Wednesday, February 22, 2017

The Married Woman's Guide to a Happier Afterlife

Abby Fabiaschi, I Liked My Life: a Novel

Maddy Starling doesn’t let mere physical death stop her mothering her family. She keeps monitoring her husband and daughter, trying to comfort young Eve through her grief, and helping Brady audition for his second wife. But Maddy’s family can’t move on. They haven’t yet reconciled why anyone, much less their high-spirited and involved wife and mother, would commit suicide just hours after buying ingredients for next Sunday’s dinner.

Abby Fabiaschi’s debut novel is probably directed at a primarily female audience. I say this not disparagingly, but in recognition that women have always been America’s chief producers and consumers of fiction. I also recognize that Fabiaschi’s story doesn’t follow the guy-friendly pattern of rising action, climactic conflict, and resolution. Instead it’s made of moments, a cascading pattern of highs and lows, much like a relationship. Or like life.

Though disembodied, Maddy remains a presence in her family’s life. Not just in their memory, either; her new semi-omniscience couples with an ability to subconsciously nudge loved ones, letting her continue providing the guidance they’ve grown accustomed to. Brady and Eve are both driven Type-A personalities, who needed Maddy’s influence to soften their interactions. Now father and daughter must learn to get along without Mommy to grease the gears.

Brady climbed the corporate ladder to become CFO to a ranking Massachusetts corporation (I missed what they do). He excused his marathon hours behind necessity: if I stop working, my family will lose its creature comforts. But with Maddy gone, Brady realizes he doesn’t really know the family he’s supported. Worse, he doesn’t know himself, because he’s buried his personality behind responsibilities. And he can’t heal if he can’t learn.

Sixteen-year-old Eve’s youth of privilege ends abruptly when she discovers that not money, but Maddy, protected her from life’s sharp edges. Suddenly the endless round of high-school athletics, gossip, and boyfriends seems hollow. She begins a quest most girls don’t begin until after college, the quest for meaning intrinsic to herself. As she discovers a family history of mental illness and self-destruction, that meaning seems increasingly elusive.

Abby Fabiaschi
Lesser novelists might have written this novel on maudlin themes of loss and heartbreak, of learning to build a “new normal” without the foundations we previously took for granted. Fabiaschi front-loads those themes into early chapters, then dispenses with them quickly. For her, the gap between reality and expectation, between the reality of purpose and the illusion of control, matters more. These characters learn having purpose means sacrificing treasured illusions.

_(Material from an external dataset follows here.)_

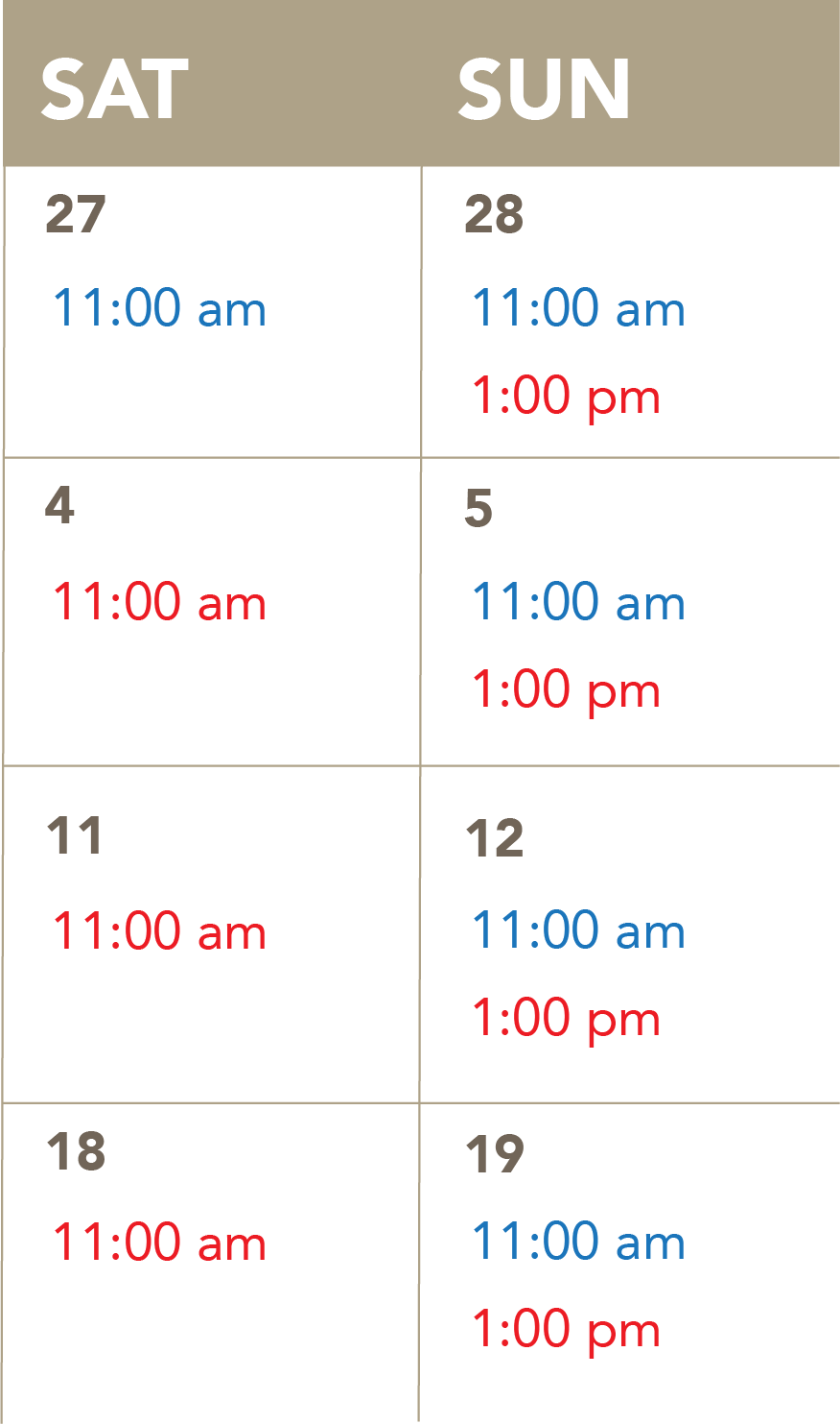 Peak Showtimes = Adults | $36.50, Children (12 and under) | $24.50

Admittedly, early chapters could try readers’ patience. Eve and Brady begin the novel newly bereaved, casting about impotently for blame and explanations, that is, for illusions of control. It’s necessary to face these early chapters to have the payoff that comes later, but audiences weaned on rising action may find such introspection maudlin. Don’t be fooled. These characters invite us on their journey, and it starts in their bleakest moments.

Rising action is, arguably, readers’ illusion of control. The well-framed, writerly structure comforts us in believing the work was constructed, as Roland Barthes put it, “theologically,” with a purpose inherent to the author. When reality has us casting about helplessly, reducing us all to agnostics, at least everything we read has conscious control. At times throughout this book, we wonder if that’s true. Fabiaschi, to her credit, lets us wonder.

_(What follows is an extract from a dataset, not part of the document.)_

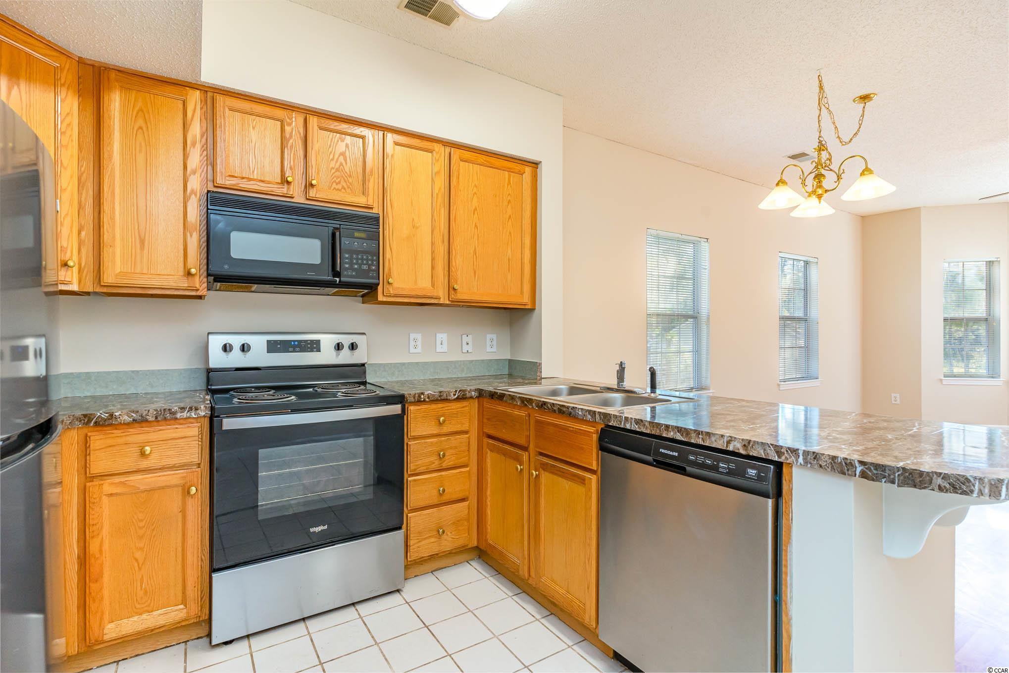 NEWLY UPDATED! Owner just had the entire unit painted, new carpets in bedrooms and flooring in living room. New HVAC in 2021, new fridge, new stove and new washer/dryer! MUST SEE this spacious 3 bed 2 bath second floor end unit in the highly sought after community, Turnberry Park at the Legends. These unique villas offer only 6 properties to a building with this second floor villa having a private stairway to the top. The great open floor plan flows from the Great Room and Kitchen with all bedrooms forking off into their own private areas. The two full baths round out the plan with the Owner's bath offering a separate vanity and tub/shower. The Legends is an amazing golf complex with 3 beautiful layouts and one of the areas best clubhouses. From this great villa you are only steps from the famous Alisa Pub. Fill your days with golf, swimming pools or tennis. There is a lighted practice range and golf school on-site. The neighborhood is conveniently located in the Carolina Forest area, close to shopping, dining and just a short drive to the beach! Don't miss out on this opportunity!

Interspersed among this story, told by rotating first-person narrators, the theme of Maddy’s death remains persistent. Not only does her suicide seem unmotivated, her means—jumping off Wellesley College’s library roof—seems more symbolic than practical. Though Maddy tells one-third of the novel herself, she remains remarkably cagey about the exact circumstances. Experienced readers know that, the longer a secret is withheld, the bigger it better be.

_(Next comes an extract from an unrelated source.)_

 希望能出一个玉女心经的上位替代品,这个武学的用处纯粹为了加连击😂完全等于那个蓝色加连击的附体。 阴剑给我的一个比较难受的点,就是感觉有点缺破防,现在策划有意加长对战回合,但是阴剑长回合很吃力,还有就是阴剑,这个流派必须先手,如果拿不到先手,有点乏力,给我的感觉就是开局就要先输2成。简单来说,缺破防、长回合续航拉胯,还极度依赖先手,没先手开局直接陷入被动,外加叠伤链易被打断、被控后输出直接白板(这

In a rare surprise for literary fiction, the twist reveal proves sufficient to reward readers’ interest. No, I won’t reveal what the characters have to earn. But suffice to say, it brings what they’ve discovered about Maddy’s life to a culmination. It emphasizes the characters’ faith in justice and purpose has merit. Though committedly unreligious, the Starlings trust the universe has an arc of justice, which will reward their unknowing.

The epilogue makes me suspect this novel has autobiographical elements. But not many. Fabiaschi creates a literary, magic-realist fantasy of incisively realistic proportions. She invites us to confront grief and loss, but also life’s annoying tendency to persist. And she reminds us that the times which most incline us toward despair are the moments that most infuse life with meaning.